[<prev] [next>] [<thread-prev] [day] [month] [year] [list]
Message-ID: <20101024061510.GB7474@redhat.com>
Date: Sun, 24 Oct 2010 02:15:10 -0400
From: Vivek Goyal <vgoyal@...hat.com>
To: Maxim Levitsky <maximlevitsky@...il.com>
Cc: Jens Axboe <jaxboe@...ionio.com>, Ingo Molnar <mingo@...e.hu>,
Tejun Heo <tj@...nel.org>,
Linus Torvalds <torvalds@...ux-foundation.org>,
"linux-kernel@...r.kernel.org" <linux-kernel@...r.kernel.org>,
Yasuaki Ishimatsu <isimatu.yasuaki@...fujitsu.com>
Subject: Re: [GIT PULL] Throtl bug (was Re: [origin tree boot failure] Re:
[GIT PULL] core block bits for 2.6.37-rc1)

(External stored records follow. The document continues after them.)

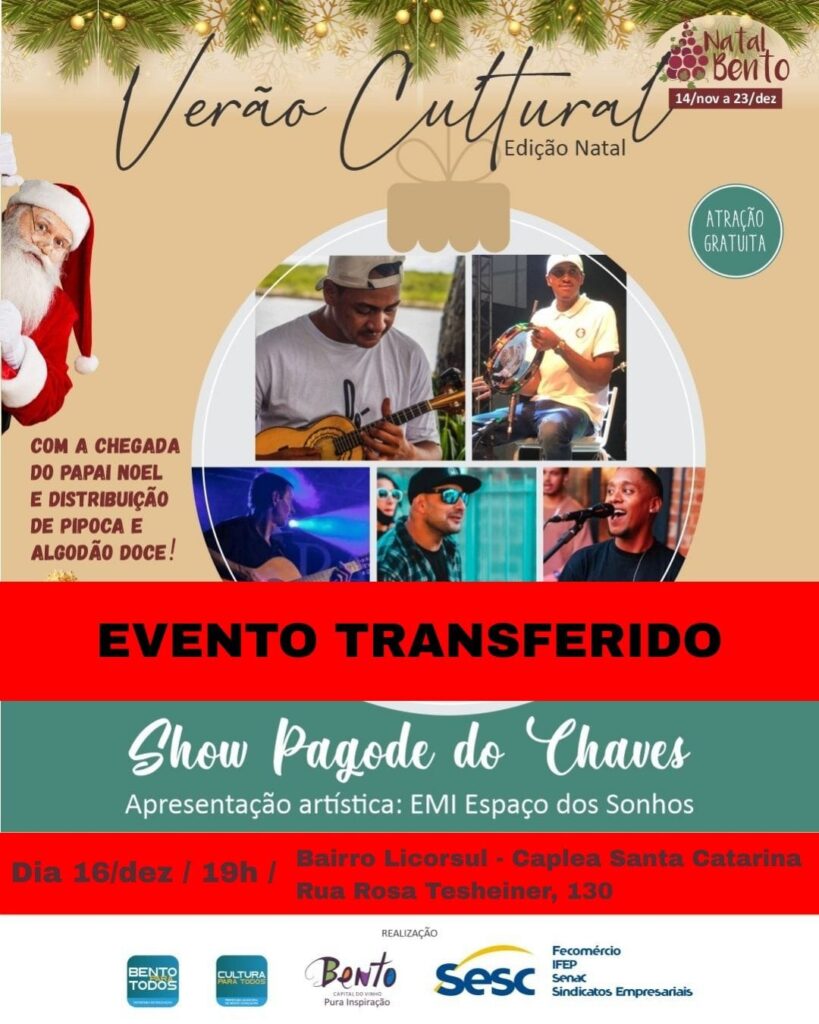 Evento conta com as apresentações artísticas de educandários dos bairros e do Pagode do Chaves Devido às más condições climáticas, a Edição Especial de Natal do Verão Cultural desta terça-feira, 09 de dezembro, devido às más condições climáticas, foi transferida para 15 de dezembro, na próxima segunda-feira. No Bairro Licorsul, o show acontece em 10 de dezembro, na Capela Santa Catarina, junto à apresentação da EMI Espaço dos Sonhos. O encerramento será no dia 11 de dezembro, na Praça CEU, no Bairro Ouro Verde, com apresentações da EMI Toque de Carinho e da EMEF Ouro Verde. E, encerrando a programação, no dia 15 de dezembro, o Bairro São Roque recebe o Pagode do Chaves na Praça São Roque, com participação da EEEF General Amaro Bitencourt. Em todas as datas, o público será recebido com a chegada do Papai Noel, que participa das atividades com crianças e famílias e haverá distribuição de pipoca e algodão-doce. A edição especial de Natal do Verão Cultural é realizado pelo Sesc em parceria com a Prefeitura Municipal, por meio das Secretarias de Cultura, de Turismo e de Educação e integra a programação oficial do Natal Bento. Programação 10/12 – Licorsul SHOW PAGODE DO CHAVES Apresentação artística: EMI Espaço dos Sonhos Local: Bairro Licorsul (Capela Santa Catarina – Rua Rosa Tesheiner, 130) Horário: 19 horas 11/12 – Praça CEU – Ouro Verde SHOW PAGODE DO CHAVES Apresentação artística: EMI Toque de Carinho e EMEF Ouro Verde Local: Bairro Ouro Verde (Praça CEU – Rua Calisto Orestes Sganzerla, 70) Horário: 19 horas 15/12 – São Roque SHOW PAGODE DO CHAVES Apresentação artística: EEEF General Amaro Bitencourt Local: Praça São Roque – Paróquia São Roque (R. Ricardo Fianco, 06 – São Roque) Horário: 19 horas Assessoria de Comuicação Social Prefeitura
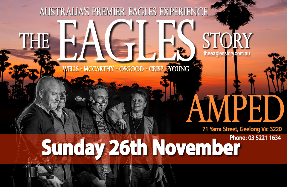 Brand new venue for us in Geelong! It’s a Sunday arvo session, 2 x sets filled with EAGLES hits. Tickets for this show are limited by the capacity of the room and it will prove to be an intimate afternoon all round.
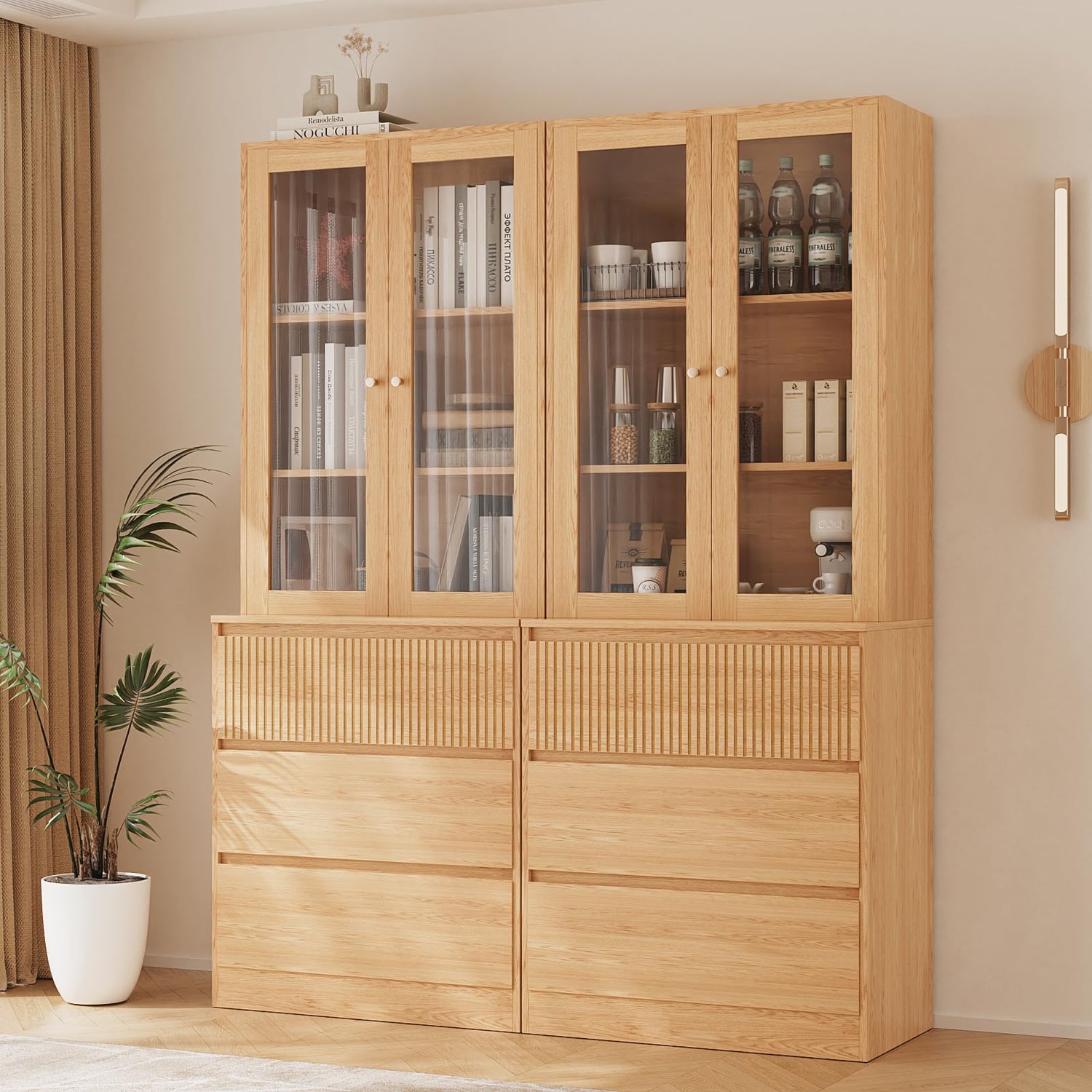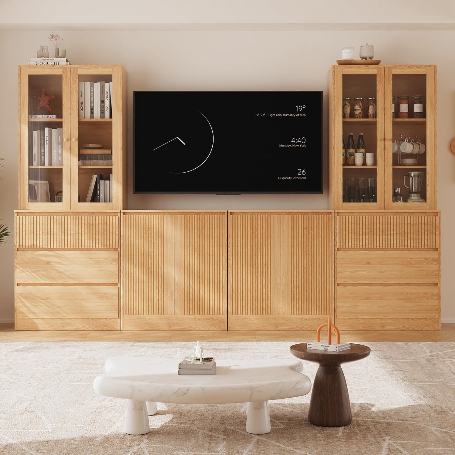 TUSY 4-Piece Large TV Stand with Bookshelves for TVs up to 75", TV Hutch with Tempered Glass Doors and Shelves, TV Entertainment Center Media Center with 2 Tall Cabinets for Living Room (D+2G+D)
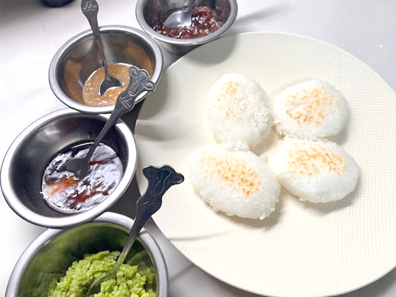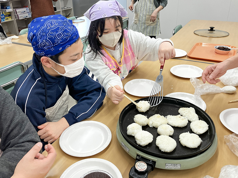 五平もちづくりでは,ご飯をつぶして思い思いに形を作って焼き上げる工程を楽しんだほか,4種類の色・味のたれ・餡から自分の好きなものを選び,組み合わせて味わう体験ができました。また,お吸い物にはさまざまな具材が入り,栄養バランスのよい一品となりました。
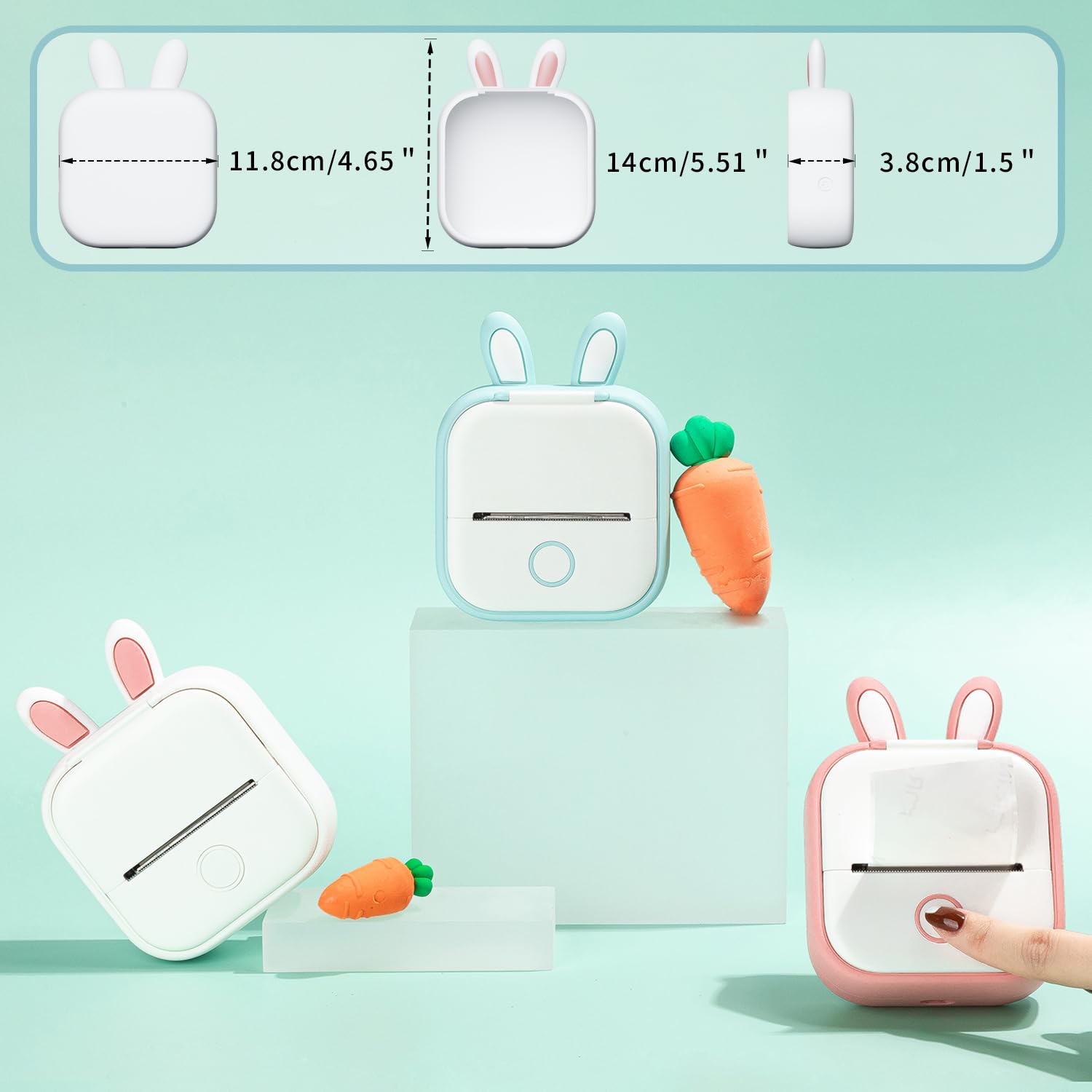 Memoking T02 Funda Protectora en Forma de Oreja de Conejo Funda Protectora de Silicona Suave para Impresora, Compatible con T02 Mini Impresora portátil inalámbrica Bluetooth de Mano, Blanco
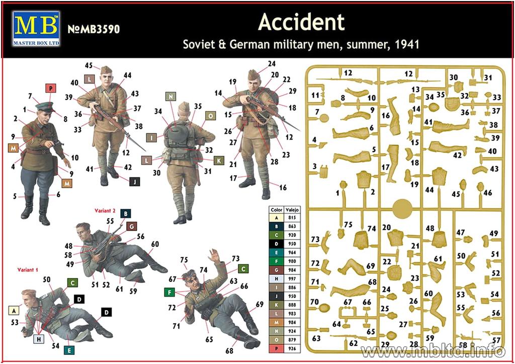 Master Box Accident 2 German 3 Soviet Accident Plastic MB35090 1/35 German-Soviet - Soldiers, Soldiers, Encounter, Model,
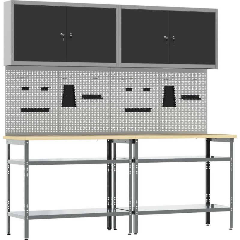 vidaXL Set mit 6 grauen Stahl-Werkzeugtafeln, rechteckig, im Industriestil
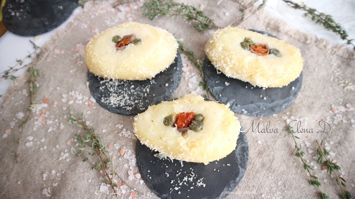 В центр каждой картофелины поместить по одному анчоусу, несколько каперсов и вяленые томаты в масле. - Шаг 10
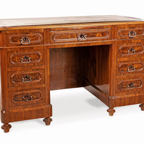Scrivania da centro a bancone in noce, XIX secolo
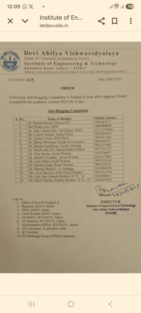इंदौर की देवी अहिल्या यूनिवर्सिटी के आईईटी (इंस्टीट्यूट ऑफ इंजीनियरिंग एंड टेक्नोलॉजी) संस्थान में जेन-Z आंदोलन की तैयारी चल रही थी। इसका खुलासा एंटी रैगिंग कमेटी की रिपोर्ट में हुआ है।
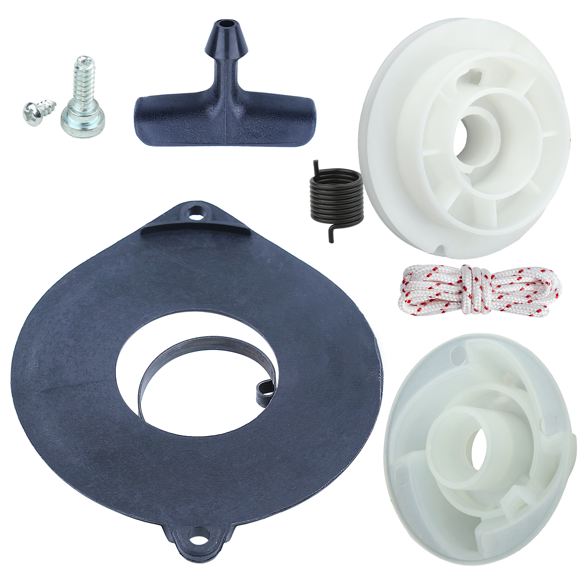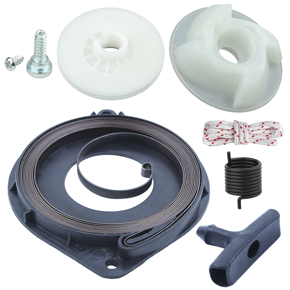 Fit Husqvarna 435 440 chainsaw part Fit Jonsered CS2245S, CS2245S II, CS2250S, CS2141S, CS2145S, CS2240S Chainsaw Replace OEM For 505647301, 537423201, 540057502 Package Include: 1 x Recoil Starter Spring, 1 x Starter Pulley Big, 1 x Starter Pulley Small, 1 x Starter Rope, 1 x EPS Spring Fast Shipping Warranty TIPS About Us Fast Shipping Most of our items leave the warehouse within 1 business day! (Orders placed Friday night will ship out the following Monday.) We'll send out within 24 hours (except weekend) !!! If you want to use a faster shipping method, like EMS, DHL etc, please contact us about the increased shipping cost. Warranty We promise that if you have any problem we will do our best to solve it. Because we pride ourself with the Customer Service we Provide! TIPS Because we only use USPS/UPS/USDHL to make sure your parcel quicker and safer, some single products price is higher than others, we hope you can understand. We advise you to contact us for a discount if you buy multiple items from us. About Us Happy purchase and communication are our goal. Welcome to save my store for buy replacement parts. Thanks for your looking and understanding.
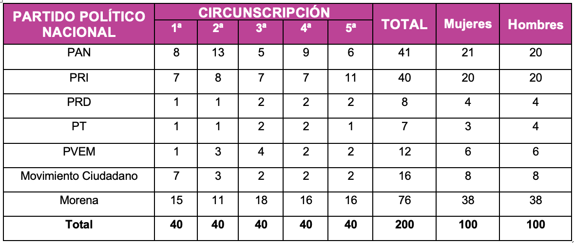 La consejera Claudia Zavala, presidenta de la Comisión, señaló que la distribución fue obtenida por consenso: “Con garantía de derechos, con interpretaciones, con principios, dimos seguridad jurídica y certeza para todas las personas que ocuparán las diputaciones”.
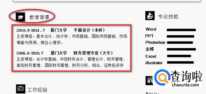 接着再写上教育背景,比如XXX年就读于XX大学,XX专业(学历),学了哪些专业课等等。
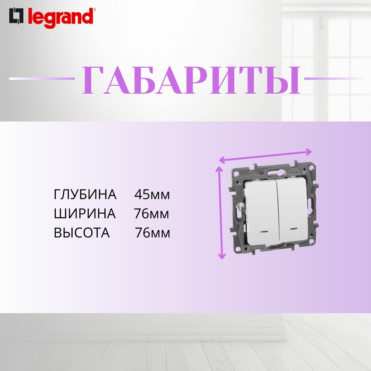 Переключатель двухклавишный с подсветкой/индикацией Legrand Etika 10А 250В безвинтовые зажимы белый 672216 (комплект 2шт) информация:
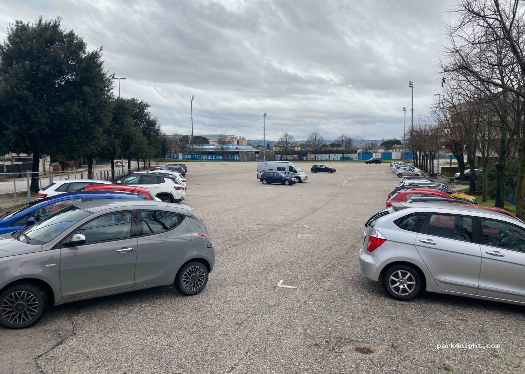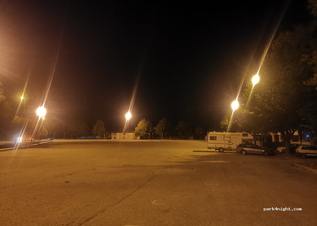Ci siamo fermati un giorno per visitare Foligno, i posteggi sono per le auto, ma sono abbastanza lunghi, pur sporgendo sia nella parte anteriore che posteriore, non creava intralcio, posteggiato camper che con porta bici e mi 7.80. Non ci sono servizi ed è gratuito, differenza di altri posteggi nella zona non ci sono divieti e non c’è GENTE STRANA CHE NE ABBIA PRESO IL POSSESSO
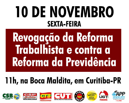 10 de novembro: Dia Nacional de Mobilização contra a Reforma Trabalhista
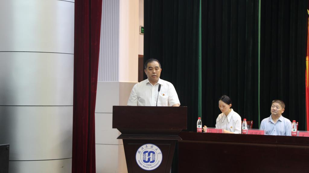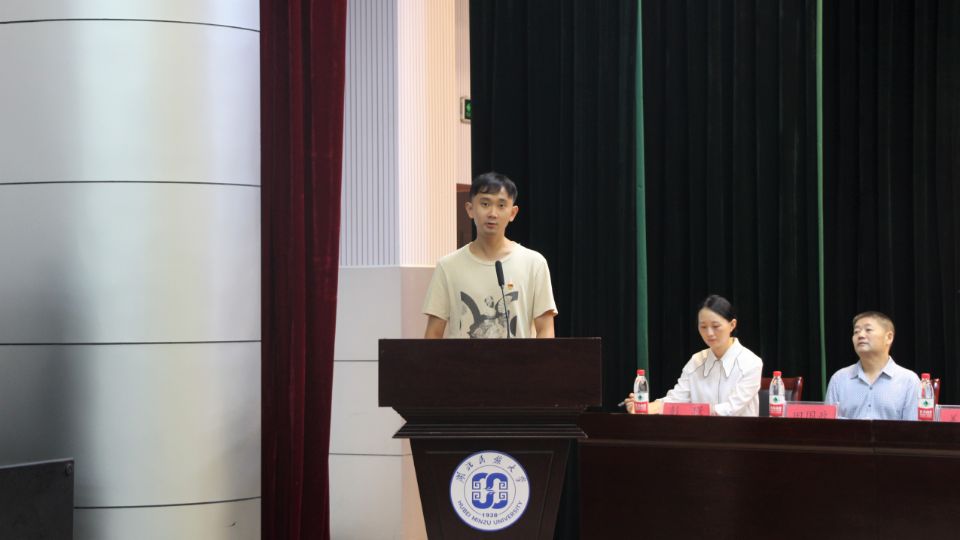 我院青年教师王海波代表教师发言。他表示作为新生班主任和研究生辅导员要做到为同学们营造良好环境和关爱个体差异,祝愿大家在365电子娱乐官方网站有一个精彩的大学生活。

On Sat, Oct 23, 2010 at 10:33:13PM +0200, Maxim Levitsky wrote:
> On Sat, 2010-10-23 at 20:43 +0200, Jens Axboe wrote:
> > On 2010-10-23 20:21, Ingo Molnar wrote:
> > >
> > > * Jens Axboe <jaxboe@...ionio.com> wrote:
> > >
> > >>> Looks like a fairly straight forward case of uninitialized memory and
> > >>> blk_sync_queue() -> throtl_shutdown_timer() -> cancel_delayed_work_sync().
> > >>>
> > >>> Will get that fixed up.
> > >>
> > >> It frees q->td in blk_cleanup_queue(), but doesn't clear q->td. When the final put
> > >> happens, blk_sync_queue() is called and then ends up doing the
> > >> cancel_delayed_work_sync() on freed memory.
> > >>
> > >> Two possible fixes:
> > >>
> > >> - Clear ->td when the queue is goin dead. May require other ->td == NULL
> > >> checks in the code, so I opted for:
> > >>
> > >> - Move the free to when the queue is really going away, post doing the
> > >> blk_sync_queue() call.
> > >>
> > >> The below should fix it.
> > >>
> > >> Signed-off-by: Jens Axboe <jaxboe@...ionio.com>
> > >
> > > This did the trick, thanks Jens!
> >
> > Great, thanks for testing/reporting! I added your reported/tested-by.
> >
> > Linus, please pull this single fix, better get this out the door since
> > I'll be travelling very shortly.
> >
> >
> > git://git.kernel.dk/linux-2.6-block.git for-2.6.37/core
> >
> > Jens Axboe (1):
> > block: fix use-after-free bug in blk throttle code
> >
> > block/blk-core.c | 2 --
> > block/blk-sysfs.c | 2 ++
> > 2 files changed, 2 insertions(+), 2 deletions(-)
> >
> I have here very similar bug.
> Must have been caused by this patch series.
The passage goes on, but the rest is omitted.